A stepwise approach was used by selecting a series of individual items of associated structural tissue damage parameters. The eligibility of each item within the score was based on a literature search and a consensus between the authors after considering the diagnostic modalities and clinical importance of associated injuries to the menisci, subchondral bone, articular cartilage or collateral ligaments. Then, a retrospective analysis of associated injuries was performed in a series of 100 patients with primary ACLR by a single surgeon. The following exclusion criteria were applied: skeletal immaturity, revision ACLR and realignment procedures or multiligament reconstructions, previous knee surgeries, time from ACL injury to MRI > 8 weeks. Analysis of associated injuries was based on acute preoperative MRI and intraoperative arthroscopic findings.
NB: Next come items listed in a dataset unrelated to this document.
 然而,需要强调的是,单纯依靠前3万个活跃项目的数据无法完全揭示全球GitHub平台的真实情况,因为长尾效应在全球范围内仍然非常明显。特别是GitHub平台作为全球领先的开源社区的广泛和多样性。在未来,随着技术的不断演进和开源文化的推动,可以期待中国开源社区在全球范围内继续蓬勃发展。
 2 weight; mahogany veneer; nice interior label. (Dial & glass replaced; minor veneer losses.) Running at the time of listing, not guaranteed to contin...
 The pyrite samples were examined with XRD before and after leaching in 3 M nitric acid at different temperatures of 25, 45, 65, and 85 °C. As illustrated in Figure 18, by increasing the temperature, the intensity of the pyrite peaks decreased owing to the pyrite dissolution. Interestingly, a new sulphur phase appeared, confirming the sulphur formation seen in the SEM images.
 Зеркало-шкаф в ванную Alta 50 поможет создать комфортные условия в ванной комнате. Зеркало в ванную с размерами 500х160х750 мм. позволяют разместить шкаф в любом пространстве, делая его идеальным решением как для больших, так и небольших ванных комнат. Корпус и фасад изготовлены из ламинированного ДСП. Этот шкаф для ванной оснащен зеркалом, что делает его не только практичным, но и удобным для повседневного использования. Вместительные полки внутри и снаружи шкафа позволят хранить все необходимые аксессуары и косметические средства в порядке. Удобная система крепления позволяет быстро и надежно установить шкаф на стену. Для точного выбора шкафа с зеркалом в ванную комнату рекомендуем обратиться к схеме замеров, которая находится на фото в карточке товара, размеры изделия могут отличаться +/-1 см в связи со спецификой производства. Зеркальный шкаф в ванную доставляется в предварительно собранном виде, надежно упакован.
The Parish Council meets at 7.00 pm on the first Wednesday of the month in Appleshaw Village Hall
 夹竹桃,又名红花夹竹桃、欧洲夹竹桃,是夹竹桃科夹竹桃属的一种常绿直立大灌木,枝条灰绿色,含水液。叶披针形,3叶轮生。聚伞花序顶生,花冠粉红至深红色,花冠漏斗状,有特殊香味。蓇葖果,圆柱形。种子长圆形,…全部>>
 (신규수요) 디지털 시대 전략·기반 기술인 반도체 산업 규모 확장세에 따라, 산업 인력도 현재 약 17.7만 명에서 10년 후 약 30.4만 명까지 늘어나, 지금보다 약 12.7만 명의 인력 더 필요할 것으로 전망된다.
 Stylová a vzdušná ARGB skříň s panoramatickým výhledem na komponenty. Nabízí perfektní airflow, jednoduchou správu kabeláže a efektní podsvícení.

The number of items was then reduced depending on their prevalence as well as to avoid a floor or ceiling effect in the final score. Finally, an analysis of the overall scale distribution was performed to classify the patients according to different injury profiles.

Results

100 patients with a primary ACLR were included (58 males/42 females, median age at surgery 26 (22–32), median BMI 23.4 (21.7–25.8), 46 left/54 right knees). The median time from injury to MRI was of 9 days (4–23). The median time from injury to ACLR was 99 days (48–200). A final scoring system of 12 points was developed (12 = highest severity). Six points were attributed to injuries of the medial and lateral tibiofemoral compartment respectively. The number of associated injuries increased with ACLISS grading. The median scale value was 4.5 (lower quartile 3.0; higher quartile 7.0). Based on these quartiles, a score < 4 was considered to be an injury of mild severity (grade I), a score between≥4 and≤7 was defined as moderately severe (grade II) and a score>7 displayed the most severe cases of ACL injuries (grade III). The knees were graded ACLISS I in 35%, ACLISS II in 49% and ACLISS III in 16% of patients. Overall, damage to the lateral tibiofemoral compartment was predominant (p < 0.01), but a proportional increase of tissue damage could be observed in the medial tibiofemoral compartment with the severity of ACLISS grading (p < 0.01).

Conclusions

MRI and arthroscopic assessment of ACL-associated structural tissue damage allowed to develop a documentation tool, which easily and rapidly identified 3 different injury severity profiles (ACLISS I to III) in patients with primary ACLR. Although injuries were overall more frequent in the lateral tibiofemoral compartment, injury severity was associated with a higher involvement of the medial compartment. The ACLISS is convenient to use in daily clinical practice and represents a feasible grading and documentation tool allowing for a reproducible comparison of clinical data in ACL injured patients.